> **What the task requires**
This task calls for every entry below to be repeated exactly, without the pictures.

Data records
┌──

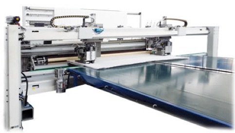 The main difference of this model from analogues on the market is the position of the side cutting-sewing heads after the cross cutting, which allows to change pannel sizes automatically without stops in production in quilting-hemming line.
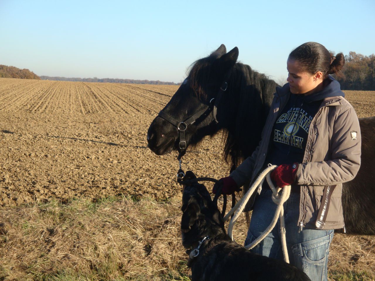 | Dire merci | Bonjour bonjour! Commençons ce topic-fleuve par une petite présentation des protagonistes ![]() Akanto, dit « poulichon », jeune étalon PRE noir né le 19 mars 2010 d’Ebanisto 6 et Nocturna XIII, à l’élevage Rozière. Un "pti jeune" aux multiples adjectifs, dont on retiendra particulièrement celui-ci : «calme ». Posé, réfléchi, c’est un élève modèle, quoique très gourmand. A côté de nos sorties "loisir" (il est labellisé Elite Loisir junior et monté, et on commence le TREC), Akanto commence le dressage de façon un peu plus sérieuse avec un cavalier, et commence à avoir des résultats très encourageants On fera d'ailleurs la finale européenne des MCI en novembre prochain en Belgique! Mais le gros de son emploi du temps, c'est de vivre au pré avec ses juments, une vraie vie de famille... ![]() Ma première jument, c'est Lebrera XXXVI, jument PRE PP née en 1999. Je la connaissais avant Akanto, j'ai failli réserver son poulain 2010, mais les aléas de la vie on fait que.... et puis la chance aidant, j'ai pu la racheter en 2012 car je rêvais d'un poulain d'elle, qui plus-est avec Akanto! Elle est la mère d'Eléio et de Falcon d'Auréa (né le 7 juillet 2015). ![]() Et le petit Falcon, surnommé Bambi ![]() ![]() Vient ensuite Eléa, jument de race Schwarzwalder née en 2007, une race de demi traits allemande (Forêt Noire). Eléa m'a été confiée par sa propriétaire pour une durée indéfinie, c'est une splendide jument, championne de M&A dans sa race et mère de champions également elle est très douce et caline Elle est la mère d'Elégie d'Auréa, née le 13 mai 2014, et de Faline d'Auréa, née le 3 juillet 2015. ![]() La petite Faline, à l'image de sa robe....elle a le feu! ![]() Enfin, Nikita (PRE baie, demi soeur de Lebrera par le père) et sa fille Féérie nous ont rejoint au cours de l'été, pour un poulain avec Akanto en juin 2016 ![]() Sans oublier Vicky, qui nous a quitté brutalement le 12 avril 2015.... Mon premier cheval, que j'ai rencontré 18 ans auparavant, dont j'ai rêvé d'être la propriétaire pendant 8 ans, et ce rêve s'est réalisé, durant les 8 dernières années, il m'a suivi à Lyon, en Alsace, et à Toulouse, où il a fini ses jours, entourés de sa "famille", toujours beau, toujours fier, un cheval exceptionnel, un sacré carafon mais incroyablement gentil et tolérant.... mon « vieux beau » qui me manque.... Lien ![]() Voici donc les chevaux qui composent mon jeune élevage, l'élevage d'Auréa.... à suivre au fil des pages... Lien Message édité le 23/12/15 à 11:57 Message édité le 01/01/16 à 22:03 |
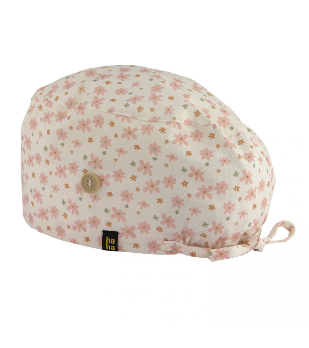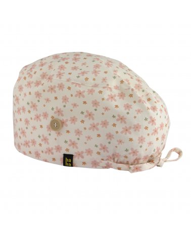Gorro sanitario de flores en color rosa y blanco. Para médicos y enfermeras con pelo largo que quieren marcar la diferencia con un gorro elegante y bonito.
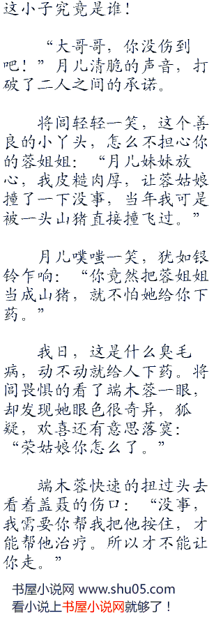 月儿格格娇笑:“这么说哥哥早就认识蓉姐姐。”
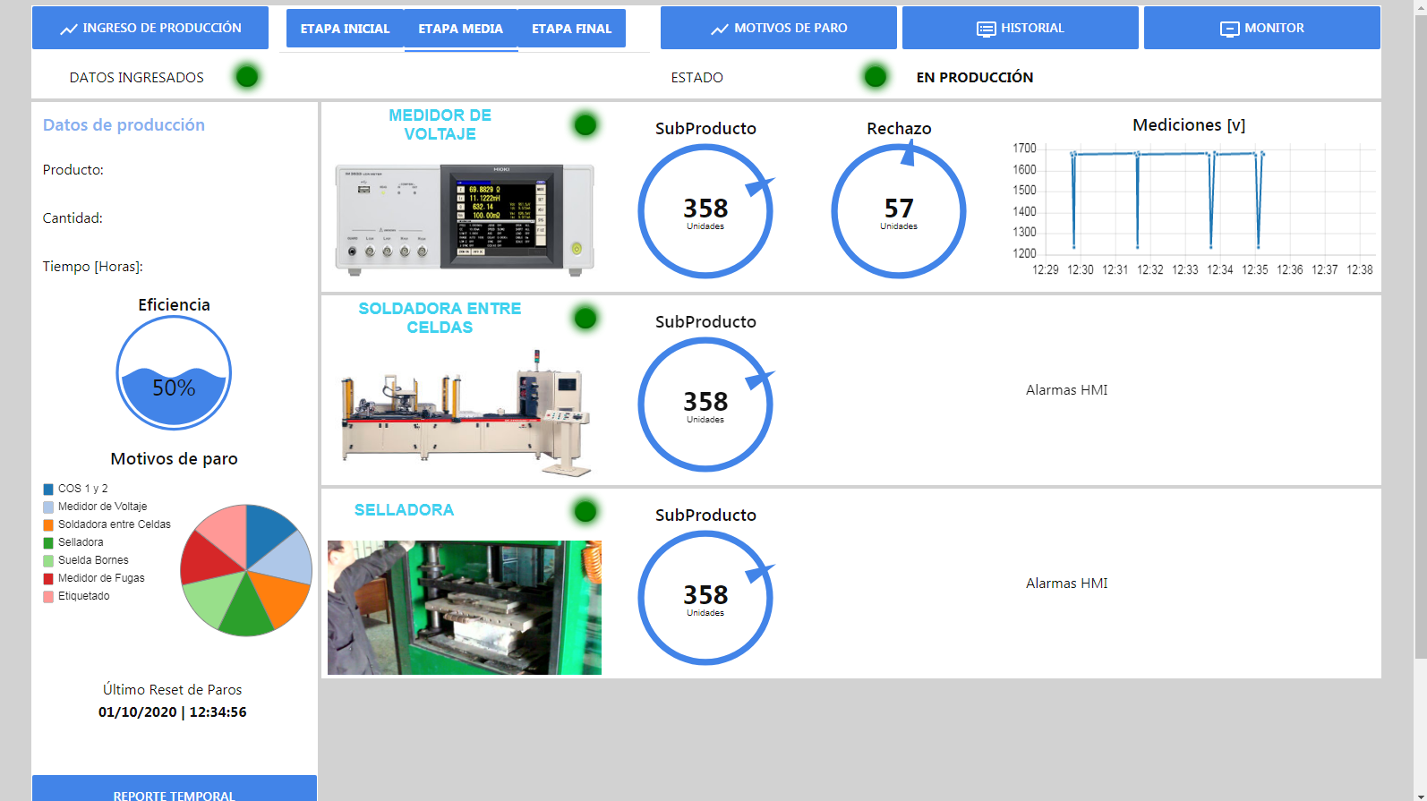 Al proyecto existente, se aumentó el calculo de más indicadores de producción y mantenimiento. Adicional, se desarrolló un cambio de diseño de personalización usando los últimos avances del sistema.

└──

> **Finished exercise**
 The main difference of this model from analogues on the market is the position of the side cutting-sewing heads after the cross cutting, which allows to change pannel sizes automatically without stops in production in quilting-hemming line.
 | Dire merci | Bonjour bonjour! Commençons ce topic-fleuve par une petite présentation des protagonistes ![]() Akanto, dit « poulichon », jeune étalon PRE noir né le 19 mars 2010 d’Ebanisto 6 et Nocturna XIII, à l’élevage Rozière. Un "pti jeune" aux multiples adjectifs, dont on retiendra particulièrement celui-ci : «calme ». Posé, réfléchi, c’est un élève modèle, quoique très gourmand. A côté de nos sorties "loisir" (il est labellisé Elite Loisir junior et monté, et on commence le TREC), Akanto commence le dressage de façon un peu plus sérieuse avec un cavalier, et commence à avoir des résultats très encourageants On fera d'ailleurs la finale européenne des MCI en novembre prochain en Belgique! Mais le gros de son emploi du temps, c'est de vivre au pré avec ses juments, une vraie vie de famille... ![]() Ma première jument, c'est Lebrera XXXVI, jument PRE PP née en 1999. Je la connaissais avant Akanto, j'ai failli réserver son poulain 2010, mais les aléas de la vie on fait que.... et puis la chance aidant, j'ai pu la racheter en 2012 car je rêvais d'un poulain d'elle, qui plus-est avec Akanto! Elle est la mère d'Eléio et de Falcon d'Auréa (né le 7 juillet 2015). ![]() Et le petit Falcon, surnommé Bambi ![]() ![]() Vient ensuite Eléa, jument de race Schwarzwalder née en 2007, une race de demi traits allemande (Forêt Noire). Eléa m'a été confiée par sa propriétaire pour une durée indéfinie, c'est une splendide jument, championne de M&A dans sa race et mère de champions également elle est très douce et caline Elle est la mère d'Elégie d'Auréa, née le 13 mai 2014, et de Faline d'Auréa, née le 3 juillet 2015. ![]() La petite Faline, à l'image de sa robe....elle a le feu! ![]() Enfin, Nikita (PRE baie, demi soeur de Lebrera par le père) et sa fille Féérie nous ont rejoint au cours de l'été, pour un poulain avec Akanto en juin 2016 ![]() Sans oublier Vicky, qui nous a quitté brutalement le 12 avril 2015.... Mon premier cheval, que j'ai rencontré 18 ans auparavant, dont j'ai rêvé d'être la propriétaire pendant 8 ans, et ce rêve s'est réalisé, durant les 8 dernières années, il m'a suivi à Lyon, en Alsace, et à Toulouse, où il a fini ses jours, entourés de sa "famille", toujours beau, toujours fier, un cheval exceptionnel, un sacré carafon mais incroyablement gentil et tolérant.... mon « vieux beau » qui me manque.... Lien ![]() Voici donc les chevaux qui composent mon jeune élevage, l'élevage d'Auréa.... à suivre au fil des pages... Lien Message édité le 23/12/15 à 11:57 Message édité le 01/01/16 à 22:03 |
Gorro sanitario de flores en color rosa y blanco. Para médicos y enfermeras con pelo largo que quieren marcar la diferencia con un gorro elegante y bonito.
 月儿格格娇笑:“这么说哥哥早就认识蓉姐姐。”
 Al proyecto existente, se aumentó el calculo de más indicadores de producción y mantenimiento. Adicional, se desarrolló un cambio de diseño de personalización usando los últimos avances del sistema.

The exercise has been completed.